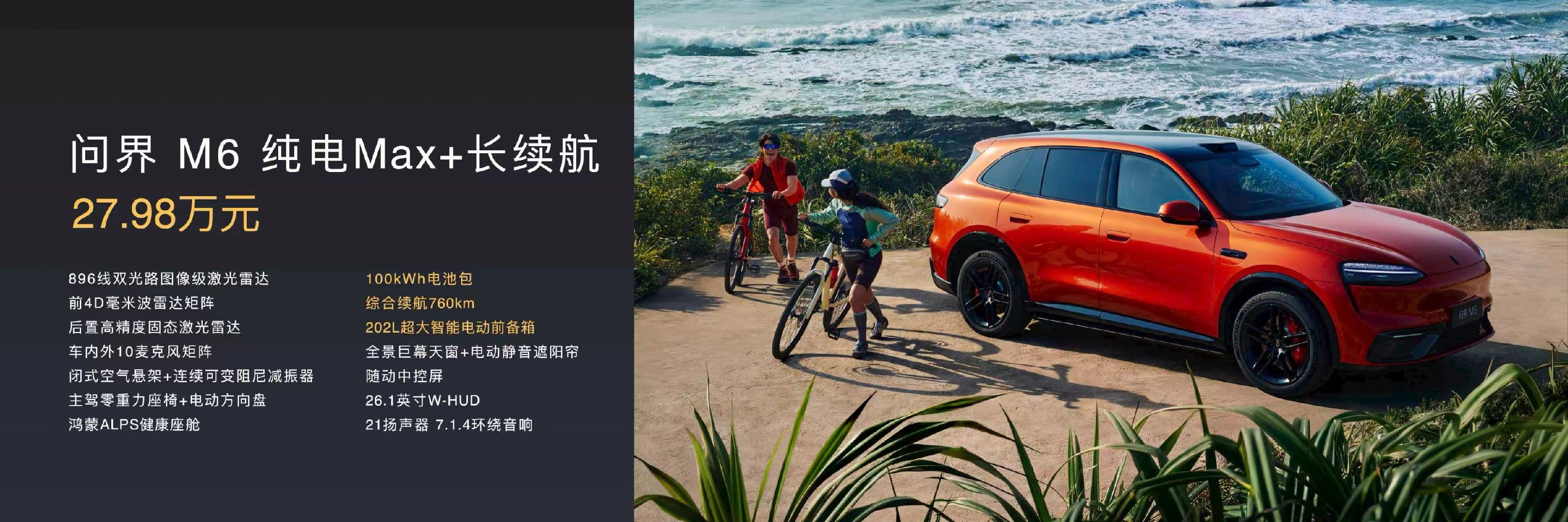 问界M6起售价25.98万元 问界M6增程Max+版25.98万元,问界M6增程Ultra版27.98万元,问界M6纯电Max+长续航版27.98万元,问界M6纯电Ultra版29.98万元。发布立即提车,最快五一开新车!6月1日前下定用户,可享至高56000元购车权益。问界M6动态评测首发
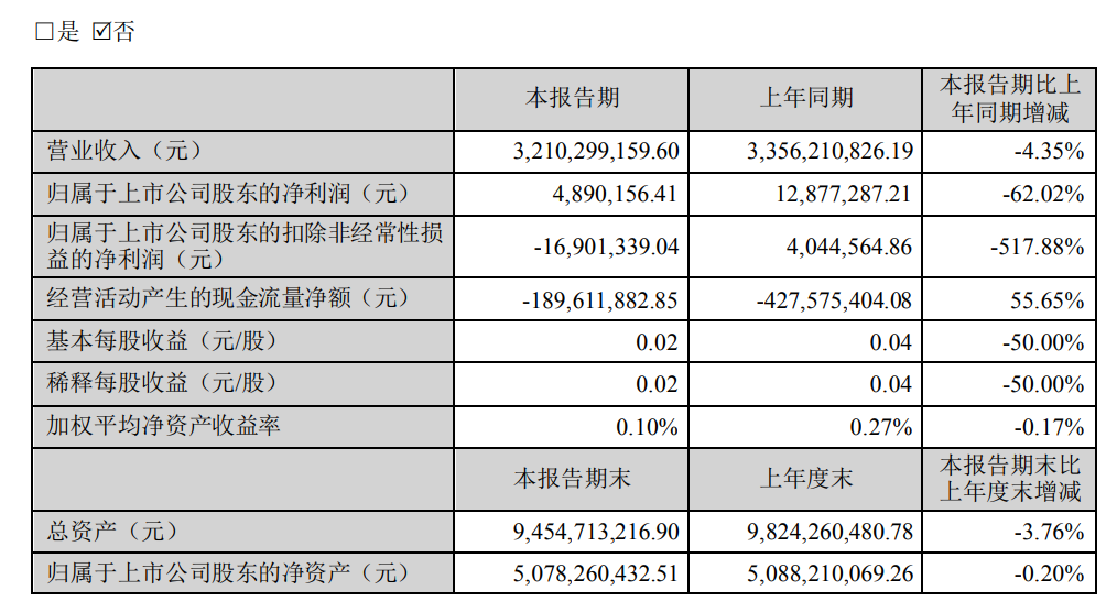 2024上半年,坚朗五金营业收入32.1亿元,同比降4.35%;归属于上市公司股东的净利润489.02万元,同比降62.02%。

────────────────

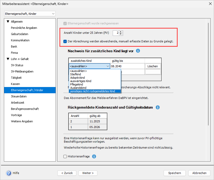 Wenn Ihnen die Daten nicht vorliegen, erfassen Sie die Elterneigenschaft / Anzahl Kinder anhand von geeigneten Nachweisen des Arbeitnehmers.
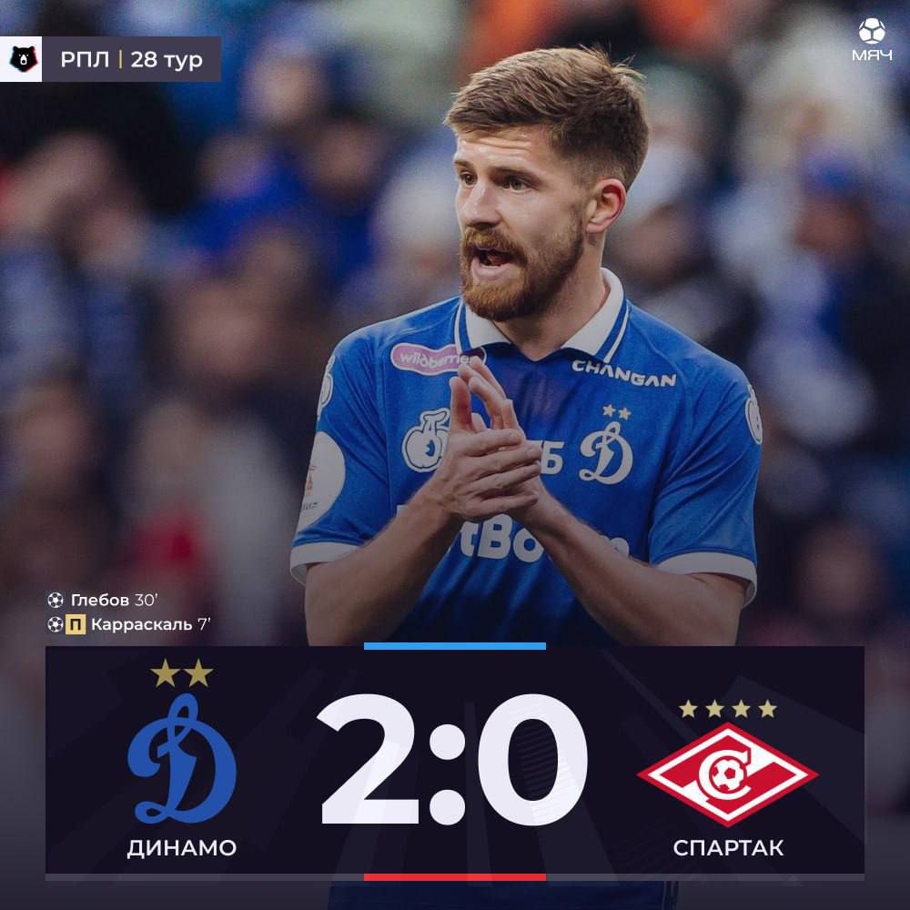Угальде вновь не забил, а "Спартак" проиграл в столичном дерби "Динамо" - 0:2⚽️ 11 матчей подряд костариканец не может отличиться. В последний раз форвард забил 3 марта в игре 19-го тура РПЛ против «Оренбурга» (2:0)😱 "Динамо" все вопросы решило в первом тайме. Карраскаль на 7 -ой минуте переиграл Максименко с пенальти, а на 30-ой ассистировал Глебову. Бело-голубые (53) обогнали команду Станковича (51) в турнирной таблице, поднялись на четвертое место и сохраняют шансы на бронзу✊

────────────────

What you should do
Leaving out each picture, repeat exactly the lines above from the one that contains "问界M6起售价25.98万元" through the one that contains "2024上半年,坚朗五金营业".

Exercise solution
 问界M6起售价25.98万元 问界M6增程Max+版25.98万元,问界M6增程Ultra版27.98万元,问界M6纯电Max+长续航版27.98万元,问界M6纯电Ultra版29.98万元。发布立即提车,最快五一开新车!6月1日前下定用户,可享至高56000元购车权益。问界M6动态评测首发
 2024上半年,坚朗五金营业收入32.1亿元,同比降4.35%;归属于上市公司股东的净利润489.02万元,同比降62.02%。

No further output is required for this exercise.